Although IL-23 and downstream signal transduction play essential roles in neuroinflammation, the local impact of IL-23 in multiple sclerosis is not fully understood. To decipher the influence of IL-23 on neuroinflammation, we generated a transgenic mouse model with astrocyte-specific expression of IL-23 (GF-IL23) (Nitsch et al., 2019). Our previous study revealed that the CNS-restricted expression of IL-23 enables the spontaneous formation of infiltrates in the brain, especially in the cerebellum. After several months, GF-IL23 mice developed an ataxic phenotype and infiltrates with a high number of lymphocytes, especially B cells. To further elucidate the local impact of IL-23 on neuroinflammation, we backcrossed the GF-IL23 mice with 2D2 mice, called GF23-2D2 mice. In this study, we were able to demonstrate that in GF23-2D2 transgenic mice, IL-23 led to accelerated and pronounced neuroinflammation with ataxia and ascending paraparesis with a chronic course, spontaneous multilocular inflammation with a high number of B cells, demyelination and proinflammatory cytokine response.

Materials and Methods

Animals

The generation of transgenic mice with astrocyte-specific expression of IL-23, GF-IL23 mice, has been described in detail previously (Nitsch et al., 2019). MOG 35–55 specific TCR transgenic/ 2D2 mice were obtained from Jackson Laboratories (Bar Harbor, ME, USA) and backcrossed to the GF-IL23 line to obtain hemizygous GF23-2D2 mice.

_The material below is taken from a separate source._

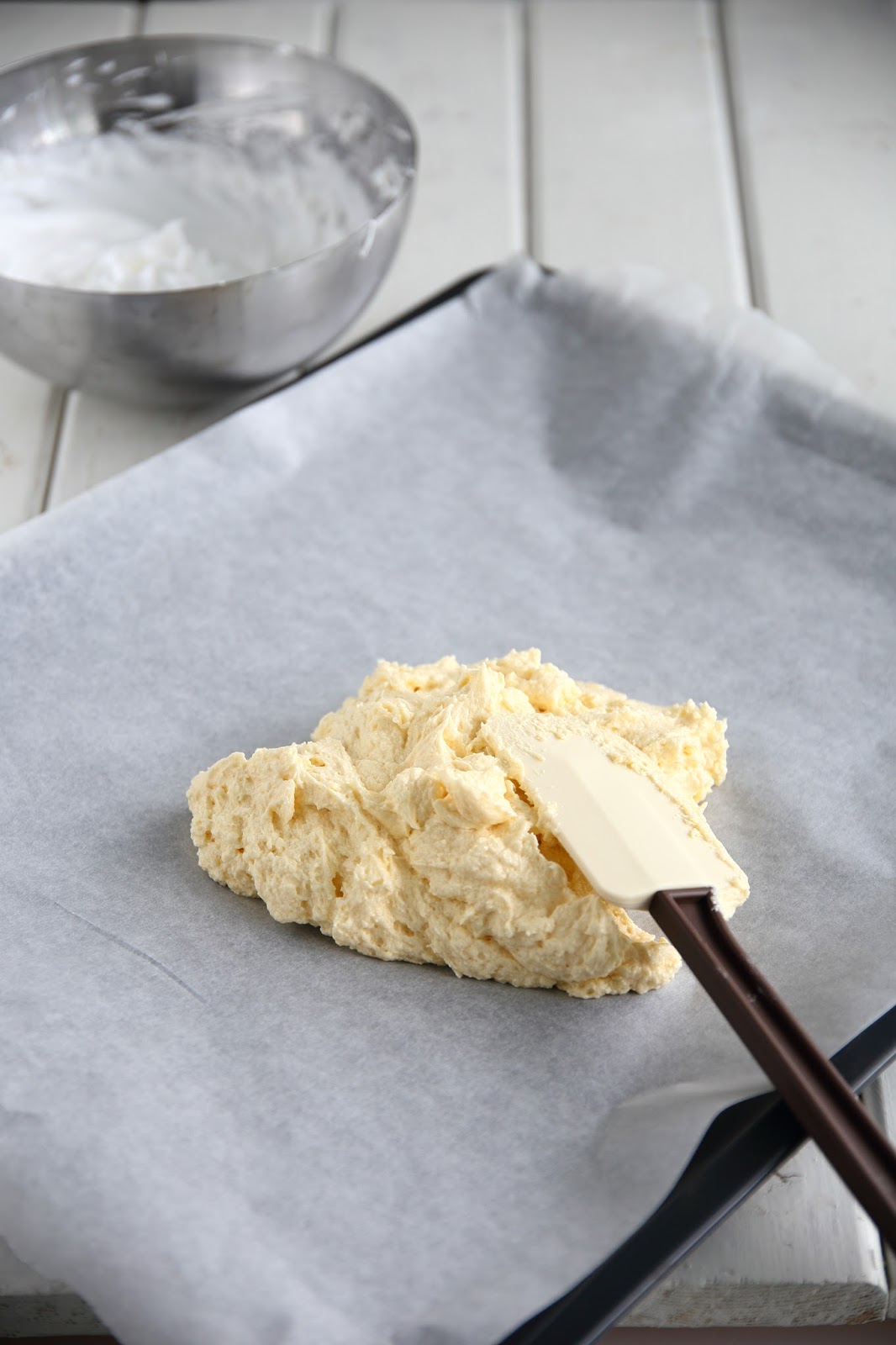 Tee britakakun pohja. Vatkaa huoneenlämpöinen voi ja sokerit vaahdoksi. Erottele keltuaiset ja valkuaiset. Laita valkuaiset toiseen, tyhjään vatkauskulhoon odottamaan vuoroaan. Lisää keltuaiset yksitellen voi-sokeri-vaahtoon voimakkaasti vatkaten. Sekoita keskenään jauhot ja vaniljasokeri. Lisää ne vuorotellen maidon kanssa voi-sokeri-muna-seokseen. Aloita ja lopeta jauhoilla. Älä vaivaa taikinaa. Levitä taikina leivinpaperin päälle pellille ohueksi kerrokseksi. Taikina riittää kyllä, vaikka sitä on vähän.

Genotyping of the transgenic offsprings was performed by polymerase chain reaction of tail DNA with a primer that was previously published (Nitsch et al., 2019). All mice were kept under standardized pathogen-free conditions at the animal facility of the University Hospital of Bonn, Germany. Breeding of the animals was approved by the Animal Care Commission of Nordrhein-Westfalen, Germany.

Clinical Assessment

30–100 days old WT (n = 15), 2D2 (n = 7), GF-IL23 (n = 20), and GF23-2D2 (n = 15) mice were weighed and examined on a daily basis using two different scoring systems, the typical EAE score and an atypical score, as was described previously (Nitsch et al., 2021). The typical EAE score was assessed as follows: 0 no clinical symptoms, 1 limp tail, 2 hind limb weakness, 3 hind limb paralysis, 4 hind and forelimb paralysis, 5 moribund. The atypical EAE score was assessed as follows: 0 no clinical symptoms, 1 hunched appearance, stiff tail, 2 staggered walking, scruffy coat, 3 head tilt, ataxia, obvious impaired balance/ambulation, body lean, 4 inability to maintain upright posture, severe axial rotation, severe body lean, 5 moribund.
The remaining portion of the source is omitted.